A little over a week ago, a protest turned into a riot at the University of California, Berkeley, causing the cancellation of Milo Yiannopoulos’s scheduled talk. As a student at Berkeley, I wanted to take this opportunity to discuss the significance of this event.
Protests are not abnormal at UC Berkeley. Historically, the campus has been entangled in protests and is known as ground zero for the Free Speech Movement. I encountered a protest when I first visited the school, and I continue to encounter them every few weeks around campus. However, these protests were nothing like the riot surrounding Milo.

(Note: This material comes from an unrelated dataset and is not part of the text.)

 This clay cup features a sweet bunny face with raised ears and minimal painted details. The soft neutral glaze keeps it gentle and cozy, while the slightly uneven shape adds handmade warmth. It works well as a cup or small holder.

In the weeks preceding Milo’s talk, there was an unusual tension clouding the campus. Flyers and chalk art from organizations advocated extreme action to stop Milo from speaking. After all, he spouts inflammatory remarks and hate speech. His imminent arrival on a historically liberal and politically active campus was analogous to holding a lit match above a field of gasoline.
Sure enough, thousands of protestors gathered in front of the venue that night. What began as a peaceful gathering of people turned into a violent protest complete with fire, violence, and vandalism, ultimately forcing the cancellation of Milo’s talk.

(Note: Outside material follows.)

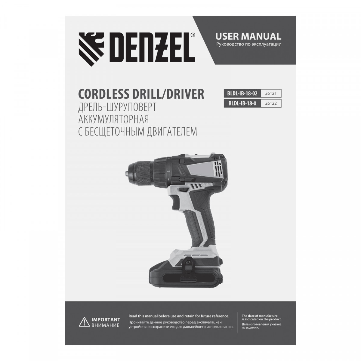 Дрель-шуруповерт аккумуляторная, бесщет. BLDL-IB-18-0, Li-Ion, 18 В Denzel

This is problematic for several reasons.
Berkeley touts itself as the home of the Free Speech Movement. So how is rioting to shut down a talk from a guest speaker consistent with this status?
To be fair, Milo is extremely controversial, and I vehemently disagree with him and the initial decision to invite him in the first place. However, silencing a person’s free speech (a constitutional right) crosses the line. This is not an argument against protesting—in fact, I was glad so many were compelled to assemble to show their disapproval—but rather against riots. We cannot silence those with whom we disagree.

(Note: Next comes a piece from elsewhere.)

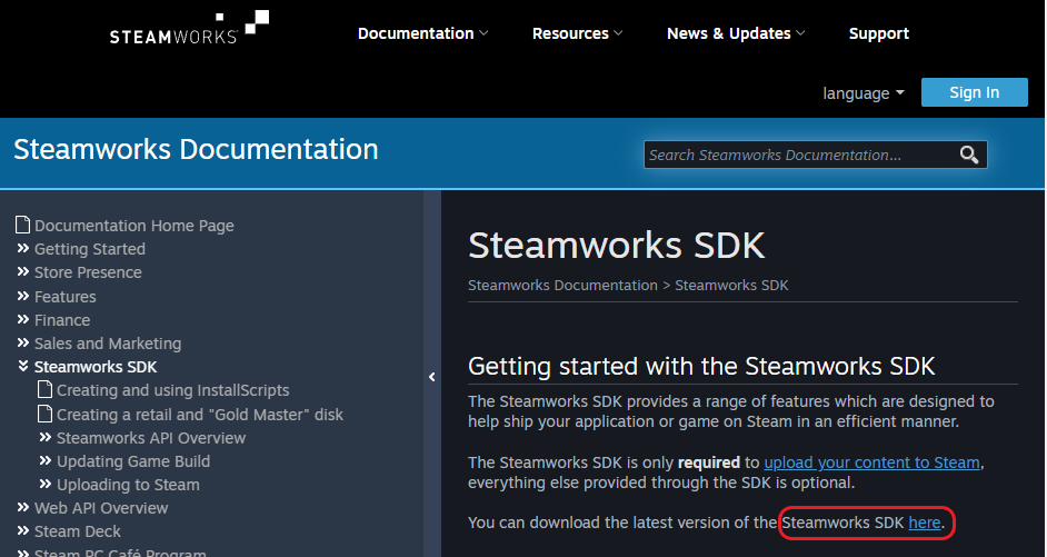 스팀 웍스 SDK를 다운받습니다.

Likewise, I must also speak out against the opposing bias. Some media outlets painted the university as a sort of dangerous dystopia, where dissenting opinions are discouraged and students are pressured to join liberal movements or face alienation.
While I do sometimes feel alienated for my beliefs, this is no fault of the university. Instead, this is reflective of a larger shift in our political culture toward increasing polarization.
We are constantly faced with an “in-group/out-group” mentality, where if you aren’t with someone, you’re actively against them. This mentality permeates all aspects of life—politically charged debates on campus, analyzing the different biases present in media, and even those all-too-familiar and uncomfortable political discussions with your family. While it might be more apparent in universities, it is not less present in other parts of life.
On the night of the riot, I was in class several hundred feet away. The windows shook and I was unaware of exactly what was going on outside. With steely determination, I had to brave my way through the crowd to get back to my apartment.
Walking through the crowd was terrifying. A tree was engulfed in fire, students had large makeshift shields, and many wore masks. I simultaneously worried about being identified as a violent student protestor by the media or as a dissenting non-participant by my peers.
Thankfully, I made it back home safely. However, this riot caused me to reflect on a deeper issue: How can we, as a country, move forward when we view non-support as opposition?
When we view our own opinions as absolute truth, we lose the ability to learn from other perspectives. Without this valuable insight, progress is inhibited.
This is not to defend hate speech or criticize civil disobedience, but is rather a deeper criticism of the current political climate in America.
When we have the courage to recognize others not as sources of conflict but instead as integral parts of a solution, then we will be able to more successfully affect change for the better.